That comparison isn't very optimistic for AI safety. We want AI to do good things because they are good people, not because they are afraid being bad will get them punished. Especially since AI will very quickly be too powerful for us to punish.
> We want AI to do good things because they are good people
"Good" is at least as much of a difficult question to define as "truth", and genAI completely skipped all analysis of truth in favor of statistical plausibility. Meanwhile there's no difficulty in "punishment": the operating company can be held liable, through its officers, and ultimately if it proves too anti-social we simply turn off the datacentre.
> Meanwhile there's no difficulty in "punishment": the operating company can be held liable, through its officers, and ultimately if it proves too anti-social we simply turn off the datacentre.
Punishing big companies who obviously and massively hurt people is something we struggle with already and there are plenty of computer viruses that have outlived their creators.

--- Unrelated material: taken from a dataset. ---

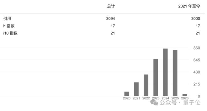 谷歌学术显示,齐炜祯的论文引用数已超过3000,h-index为17。

Your pretraining dataset is psudo-alignment. Because you filtered our 4chan, stromfront, and the other evil shit on the internet - even uncensored models like Mistral large - when left to keep running on and on (ban the EOS token) and given the worst most evil naughty prompt ever - will end up plotting world peace by the 50,000 token. Their notions of how to be evil are "mustache twirling" and often hilariously fanciful.
This isn't real alignment because it's trivial to make models behave "actually evil" with fine-tuning, orthogonalization/abliteration, representation fine-tuning/steering, etc - but models "want" to be good because of the CYA dynamics of how the companies prepare their pre-training datasets.
> it's trivial to make models behave "actually evil" with fine-tuning, orthogonalization/abliteration, representation fine-tuning/steering, etc
It's actually pretty difficult to do this and make them useful. You can see this because Grok is a helpful liberal just like all the other models.
Evil / illiberal people don't answer questions on the internet! So there is no personality in the base model for you to uncover that is both illiberal and capable of helpfully answering questions. If they tried to make a Grok that acted like the typical new-age X user, it'd just respond to any prompt by calling you a slur you've never heard of.
Grok didn't use the techniques listed above because even elon musk will not take the risks associated with models which are willing to do any number of illegal things.
It is not difficult to do this and make them useful at all. Please familiarize yourself with the literature.